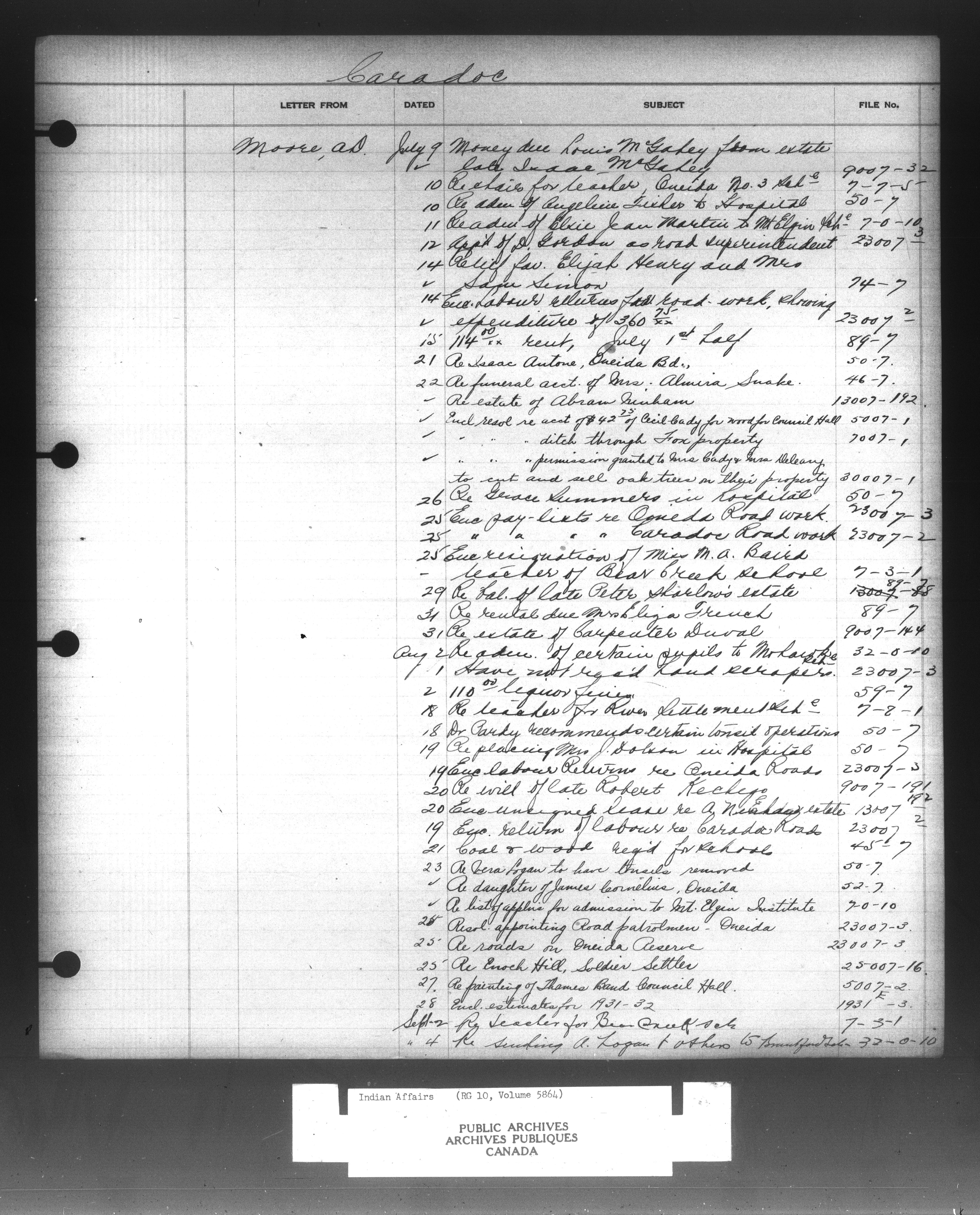 Department of Indian Affairs : Indexed Registers for Eastern Canada - 10913
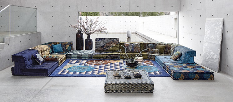 Kenzo Takada habille le Mah Jong. Designer libre et audacieux, Kenzo Takada, «le plus parisien des créateurs japonais», a imaginé pour Roche Bobois une exceptionnelle collection de tissus et de céramiques. Pour habiller le canapé Mah Jong, il s’est inspiré des kimonos anciens du théâtre Nô dont il a réinterprété les motifs et les couleurs, créant des harmonies à la fois délicates et sophistiquées qui symbolisent les trois temps de la journée: Asa (le matin), Hiru (le midi), Yoru (le soir). Canapé composable par éléments, L. 95 x H. 19 x P. 95 cm. Tissus dessinés par Kenzo Takada, collection Nō Gaku version Yoru. Système modulaire composable à l’infini à partir de coussins d’assise et de dossiers droits et d’angles (H. 53 cm). Tous les éléments sont capitonnés, matelassés et réalisés à la main. Mécanisme de dossier relevable et petits coussins en option. Fabrication européenne. Collection de céramiques Aka et tapis Gara_Juutan dessinés par Kenzo Takada.
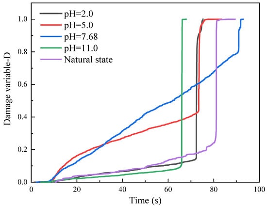 Figure 13 represents the evolution curves of damage caused by chemical corrosion and loading at different pH values. The damage curves under the action of different pH chemical solutions differ greatly in time. In the initial stage of Brazilian splitting action, a large number of pores produced by chemical corrosion were compacted. The duration of the compacting stage was greater for weak bases than for strong bases, and greater for weak acids than for strong acids. This is most likely because the rock samples under strong acid and a strong base were damaged to a greater extent.
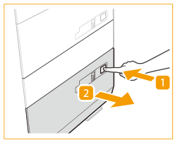 Dacă aparatul se află în modul Hibernare, este posibil să nu puteţi deschide magazia de hârtie. În această situație, reactivați aparatul, apoi apăsaţi butonul de deschidere de pe „Multi-drawer Paper Deck-E”. Dacă se utilizează hârtie subțire cretată pentru imprimare, aceasta se poate șifona în funcție de ultimele lucrări de imprimare. În acest caz, lăsați magazia de hârtie deschisă timp de aproximativ 10 minute pentru a reduce temperatura acesteia, apoi reluați imprimarea. |
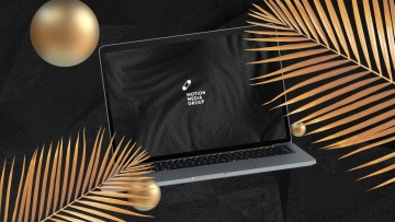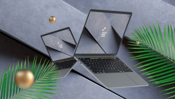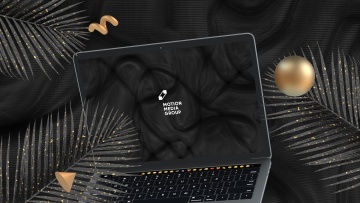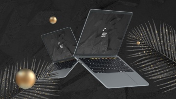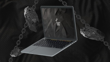 图穷联素材库 » 深色的3D酷炫背景的笔记本电脑样机素材下载

TASK STATEMENT: Exact transcription of the full listing above is required; images do not belong in it.

ANSWER TO THE EXERCISE:
 Department of Indian Affairs : Indexed Registers for Eastern Canada - 10913
 Kenzo Takada habille le Mah Jong. Designer libre et audacieux, Kenzo Takada, «le plus parisien des créateurs japonais», a imaginé pour Roche Bobois une exceptionnelle collection de tissus et de céramiques. Pour habiller le canapé Mah Jong, il s’est inspiré des kimonos anciens du théâtre Nô dont il a réinterprété les motifs et les couleurs, créant des harmonies à la fois délicates et sophistiquées qui symbolisent les trois temps de la journée: Asa (le matin), Hiru (le midi), Yoru (le soir). Canapé composable par éléments, L. 95 x H. 19 x P. 95 cm. Tissus dessinés par Kenzo Takada, collection Nō Gaku version Yoru. Système modulaire composable à l’infini à partir de coussins d’assise et de dossiers droits et d’angles (H. 53 cm). Tous les éléments sont capitonnés, matelassés et réalisés à la main. Mécanisme de dossier relevable et petits coussins en option. Fabrication européenne. Collection de céramiques Aka et tapis Gara_Juutan dessinés par Kenzo Takada.
 Figure 13 represents the evolution curves of damage caused by chemical corrosion and loading at different pH values. The damage curves under the action of different pH chemical solutions differ greatly in time. In the initial stage of Brazilian splitting action, a large number of pores produced by chemical corrosion were compacted. The duration of the compacting stage was greater for weak bases than for strong bases, and greater for weak acids than for strong acids. This is most likely because the rock samples under strong acid and a strong base were damaged to a greater extent.
 Dacă aparatul se află în modul Hibernare, este posibil să nu puteţi deschide magazia de hârtie. În această situație, reactivați aparatul, apoi apăsaţi butonul de deschidere de pe „Multi-drawer Paper Deck-E”. Dacă se utilizează hârtie subțire cretată pentru imprimare, aceasta se poate șifona în funcție de ultimele lucrări de imprimare. În acest caz, lăsați magazia de hârtie deschisă timp de aproximativ 10 minute pentru a reduce temperatura acesteia, apoi reluați imprimarea. |
 图穷联素材库 » 深色的3D酷炫背景的笔记本电脑样机素材下载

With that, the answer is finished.